VALDOSTA -- Monday night, members of the Valdosta Board of Education voted unanimously to support a reauthorization of all federal child nutrition programs.

Valdosta City School System Superintendent Sam Allen recommended board members sign a resolution urging legislators to eliminate the reduced price school meals programs and to provide free meals for all children with family incomes below 185 percent of the federal poverty level. Reduced price meals are currently offered in participating schools to children with family incomes between 130 percent and 185 percent of the federal poverty level.

"We need to join with other school systems in Georgia to show our support for free lunches," Allen said.

According to the Georgia Department of Education's 2001-02 Georgia Public Education Report Card, 63.8 percent of the Valdosta City School Systems' students are eligible for free or reduced price lunches.
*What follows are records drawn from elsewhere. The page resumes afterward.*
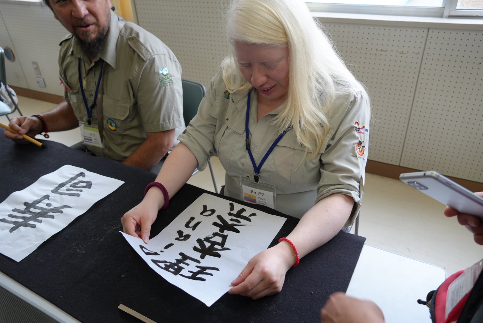 書道体験ブースでは、「寿司」や研修員それぞれの名前を漢字で書き、生徒から「思っていたよりも上手でびっくりした」との声があがっていました。
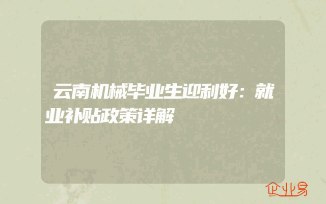 - 云南机械毕业生迎利好:就业补贴政策详解
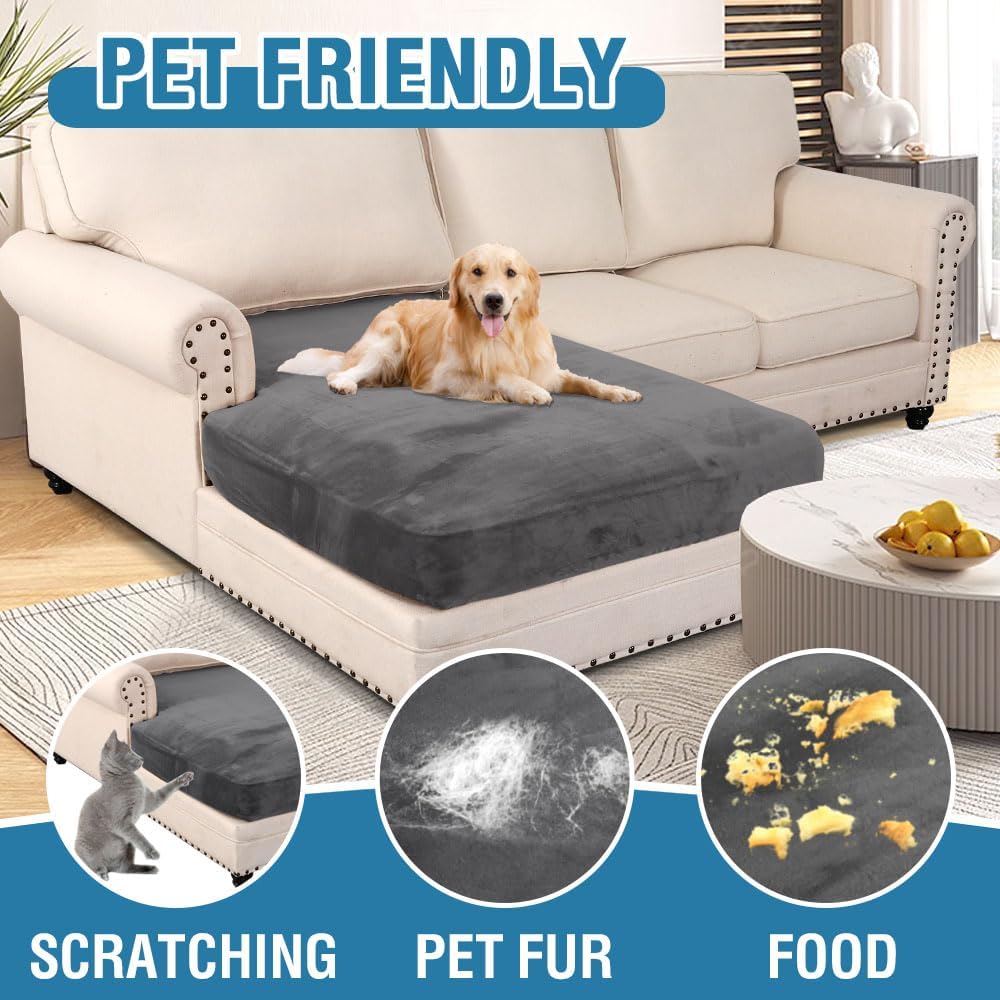 H.VERSAILTEX Velvet Stretch Individual Chaise Cover Sectional Couch Covers for L Shaped Sofa Both Left/Right Furniture Protector Seat Cushion Sofa Cover (1 Piece Chaise Cover, Grey)

Many families in the reduced price income category find it difficult to pay the reduced price free, which in the Valdosta City School System is 30 cents. This is corroborated by evidence that reduced price participation declines toward the end of the month.

In the Valdosta City School System, a full price meal in grades kindergarten through fifth is 75 cents. In grades sixth through 12th, a full price meal costs $1.
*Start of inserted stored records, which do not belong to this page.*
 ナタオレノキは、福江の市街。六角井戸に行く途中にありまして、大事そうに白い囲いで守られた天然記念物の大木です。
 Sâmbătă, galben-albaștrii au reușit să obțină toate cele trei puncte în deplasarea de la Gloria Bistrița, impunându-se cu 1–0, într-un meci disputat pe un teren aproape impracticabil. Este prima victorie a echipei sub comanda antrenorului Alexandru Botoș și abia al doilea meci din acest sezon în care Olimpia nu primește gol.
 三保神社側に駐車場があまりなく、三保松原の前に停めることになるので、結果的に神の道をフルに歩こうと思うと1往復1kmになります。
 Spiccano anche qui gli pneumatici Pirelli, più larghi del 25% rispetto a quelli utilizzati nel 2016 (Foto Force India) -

The proposed reauthorization would amend the Richard B. Russell National School Lunch Act and phase out reduced price lunches and breakfasts, which are free to all students in the Valdosta City School System, by phasing in an increase in the income eligibility guidelines for free lunches and breakfasts nationwide.

On July 31, Sen. Elizabeth Dole (R-N.C.) and Sen. Pat Roberts (R-Kan.) introduced a bill into Congress that seeks to accomplish just that. The two stressed that children in the reduced price category come from families that may be classified as the working poor, which may include welfare to work families who are improving their economic conditions slowly. They further supported their proposal by stating that the WIC program provides free benefits to nutritionally at risk women and children to age 5 in households with incomes at 185 percent or less of the U. S. poverty income guidelines.